____ DATA PROVIDED

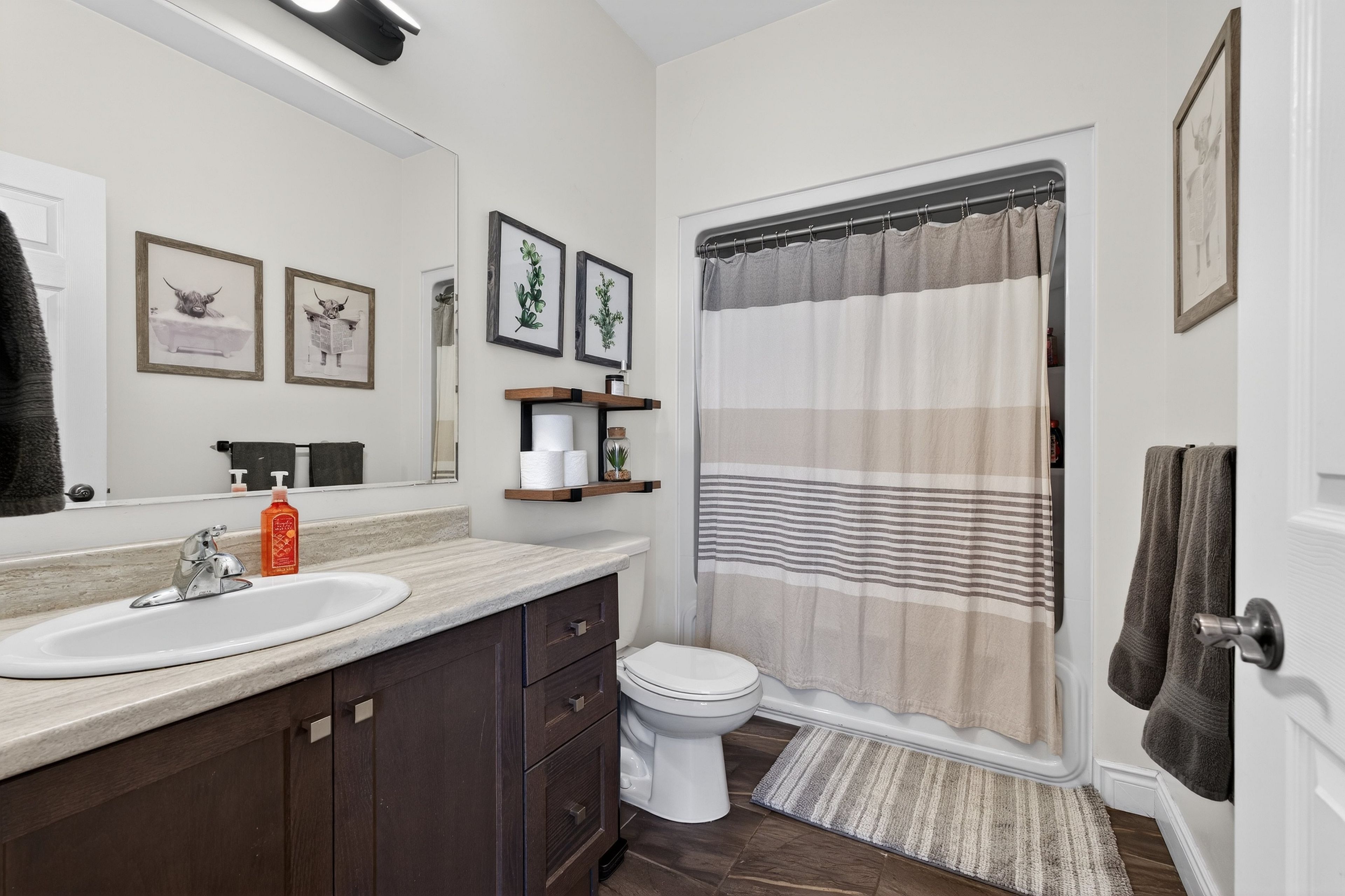 • Three spacious bedrooms and two full bathrooms, including an ensuite.
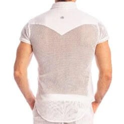 Chemise en rĂ©sille transparente 100% coton. Coupe cintrĂ©e arrondie en bas. Manches courtes. Patte de boutonnage invisible. EmpiĂšcement opaque en haut du dos avec logo L’homme Invisible.
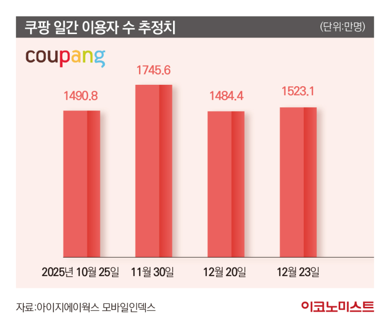 학계에서는 쿠팡이 국회 및 정부와 강대강 구도를 가져가는 배경으로 충성 고객을 꼽는다. 쿠팡은 국내 이커머스 시장에서 독점적 지위를 갖고 있다. 개인정보 유출 사태 이후에도 고객 이탈 등의 영향은 크지 않은 것으로 보인다. 아이지에이웍스 모바일인덱스에 따르면 쿠팡의 일간이용자 수(DAU·추정치)는 2025년 12월 23일 기준 1523만812명이다. 한때 1480만명대로 떨어졌던 DAU는 다시 1500만명 수준을 유지하고 있다.
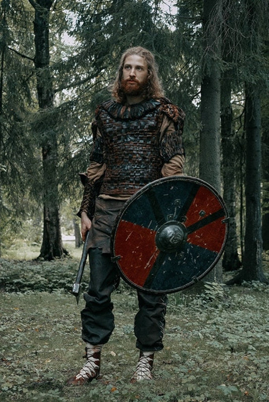 Viking larp armor with bass accents
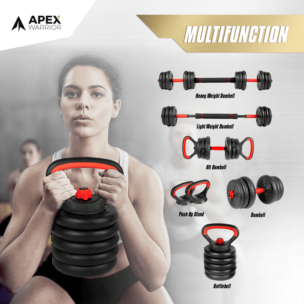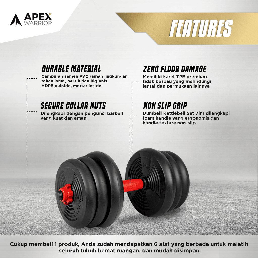 Apex Warrior Dumbbell Kettlebell Barbell 7in1 Plat Beban Multifungsi
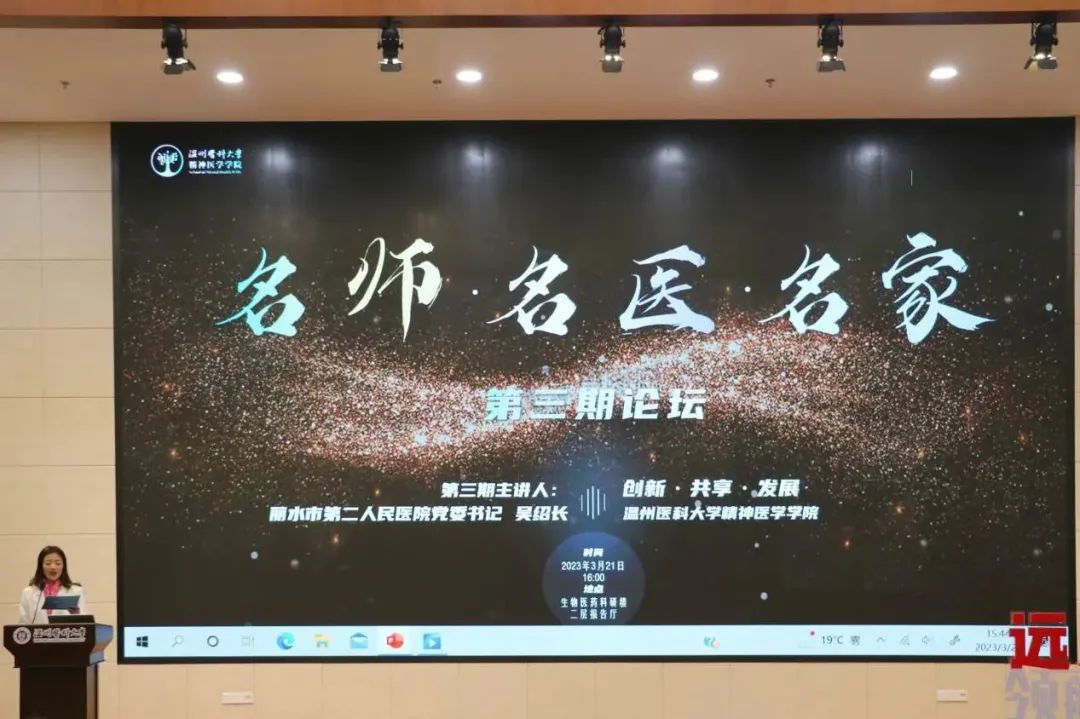 2023年3月21日下午4时,温州医科大学包子漫画 名师名医名家系列论坛第三期在生物医药科研大楼报告厅顺利举办。本期论坛特邀丽水市第二人民医院党委书记吴绍长担任主讲人,副院长赵可、科教处处长周海云、人事处副处长王敏超及学院领导、老师出席会场。
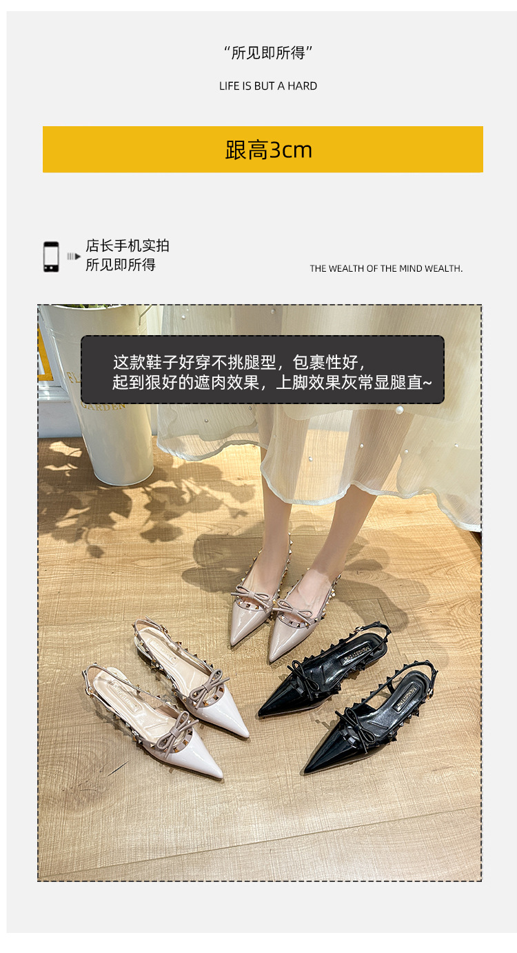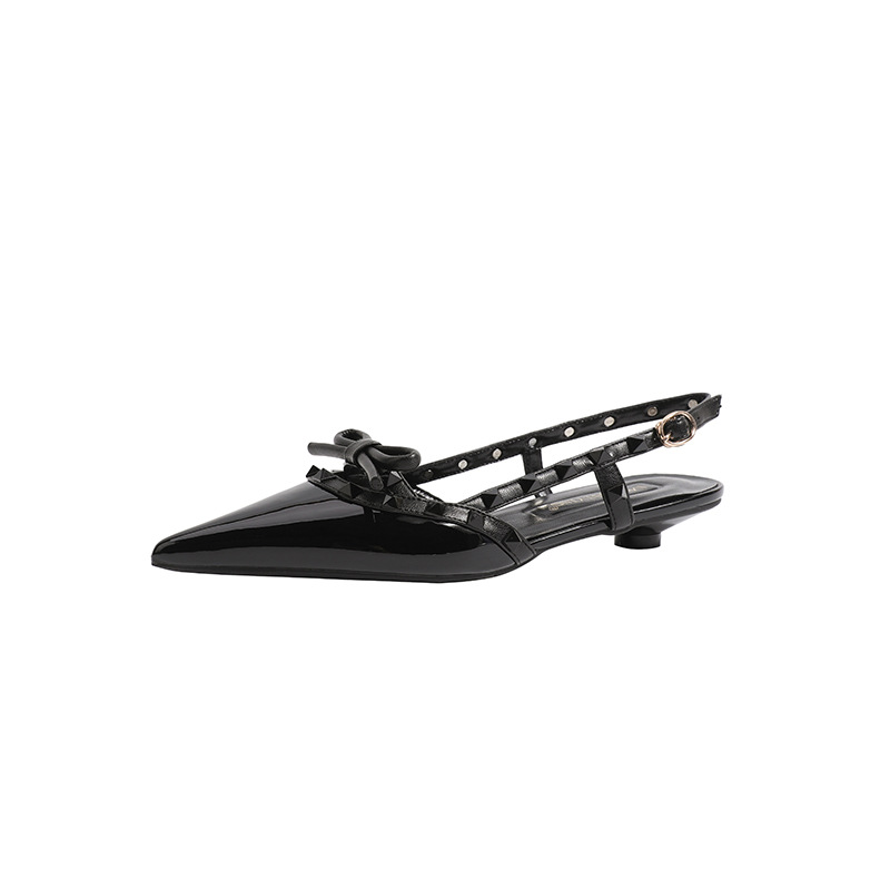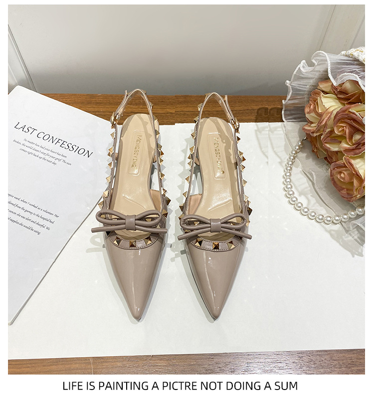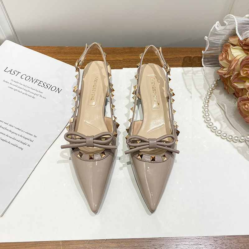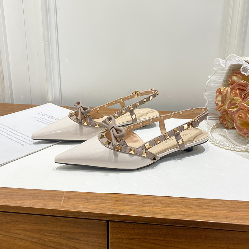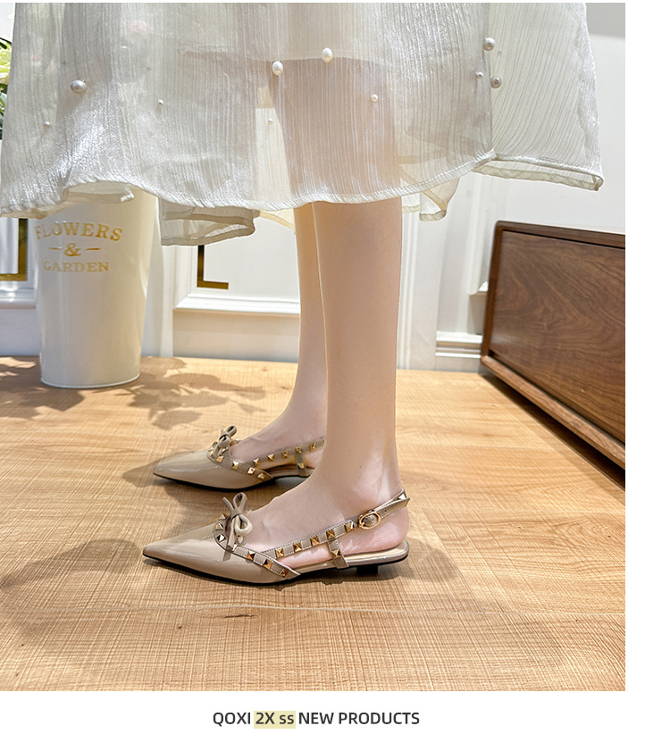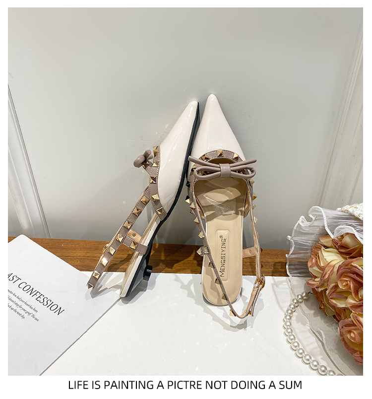 니치 보우 발가락 샌들 여성의 2024 년 봄과 여름 새로운 낮은 발 뒤꿈치 빈 프랑스 뾰족한 리벳 신발 여성

________

ASSIGNED TASK
What you write must match, line for line, the lines from the one with "Chemise en rĂ©sille" through the last line of the data above, minus the pictures.

RESPONSE TO THIS TASK
 Chemise en rĂ©sille transparente 100% coton. Coupe cintrĂ©e arrondie en bas. Manches courtes. Patte de boutonnage invisible. EmpiĂšcement opaque en haut du dos avec logo L’homme Invisible.
 학계에서는 쿠팡이 국회 및 정부와 강대강 구도를 가져가는 배경으로 충성 고객을 꼽는다. 쿠팡은 국내 이커머스 시장에서 독점적 지위를 갖고 있다. 개인정보 유출 사태 이후에도 고객 이탈 등의 영향은 크지 않은 것으로 보인다. 아이지에이웍스 모바일인덱스에 따르면 쿠팡의 일간이용자 수(DAU·추정치)는 2025년 12월 23일 기준 1523만812명이다. 한때 1480만명대로 떨어졌던 DAU는 다시 1500만명 수준을 유지하고 있다.
 Viking larp armor with bass accents
 Apex Warrior Dumbbell Kettlebell Barbell 7in1 Plat Beban Multifungsi
 2023年3月21日下午4时,温州医科大学包子漫画 名师名医名家系列论坛第三期在生物医药科研大楼报告厅顺利举办。本期论坛特邀丽水市第二人民医院党委书记吴绍长担任主讲人,副院长赵可、科教处处长周海云、人事处副处长王敏超及学院领导、老师出席会场。
 니치 보우 발가락 샌들 여성의 2024 년 봄과 여름 새로운 낮은 발 뒤꿈치 빈 프랑스 뾰족한 리벳 신발 여성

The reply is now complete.